What's your definition of a catastrophic engine failure? On the outside, this 5.2-liter V-10 from an Audi S6 doesn't look terrible. It sat outside without an intake manifold, but that doesn't mean the internals are junk. But they are. In fact, just about everything inside this engine is scrap metal.
That's the conclusion reached by the I Do Cars channel on YouTube. Little is known about the engine other than it came from an S6, but signs of trouble come early in this teardown. Just three minutes into the hour-long clip we see a smashed spark plug, likely caused by a wayward piston or some errant chunk of metal finding its way into the combustion chamber. And it only gets worse from there. Much worse.
The next sign of trouble comes with metal fragments found in the upper timing covers. Once the main timing cover comes off we find a loose chain and a timing gear literally snapped off. It's unclear if the gear caused the failure or was a victim of the carnage. And there's carnage. A lot of it.
That really comes to life once the heads are off. The first head reveals a piston cracked in half. Perusing the second bank of cylinders finds one piston is simply missing. Not only that, the cylinder wall looks like it was hit with 12-gauge buckshot. Once the oil pan comes off we finally see the true extent of the damage. Chunks of metal—most of which looks like the missing piston—litter the pan, but scrapes and gouges are seen everywhere inside the block. It's even cracked near the wrecked cylinder.

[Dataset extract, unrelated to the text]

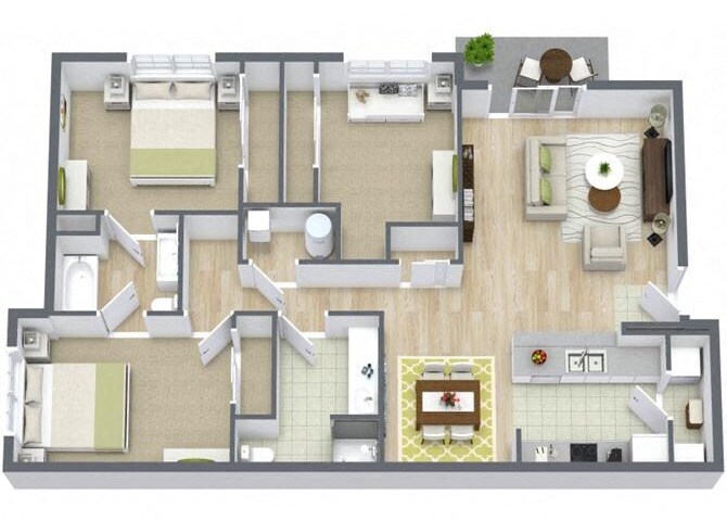 Two Bedroom Two Bath 60% - Plano 1 3 Dormitorios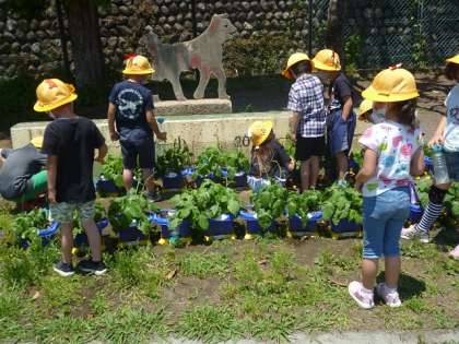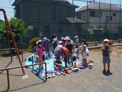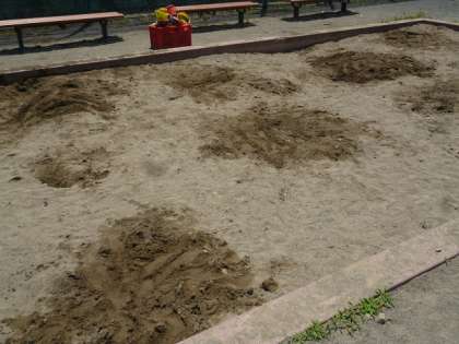 1年1組は、外でアサガオやプランターに植えた花の苗の観察を、2組は図工の先生と一緒に砂場で造形遊びをしました。残念ながら造形遊びは終わったところでしたが、何を作ったのかたずねると、「おおきい山!」「かざん!!」という答えが返ってきました。確かに山を崩したあとがたくさんありますね。

So what happened? Oil starvation is ruled out; the bearing surfaces looked good. Hyrdolocking is a possibility, and heavy varnish in the heads suggests the engine wasn't maintained very well. None of these are the proverbial smoking gun, though, so this mystery remains unsolved.
Not that it matters at this point. The extent of the damage means nothing of value can be salvaged from this rare Audi V-10.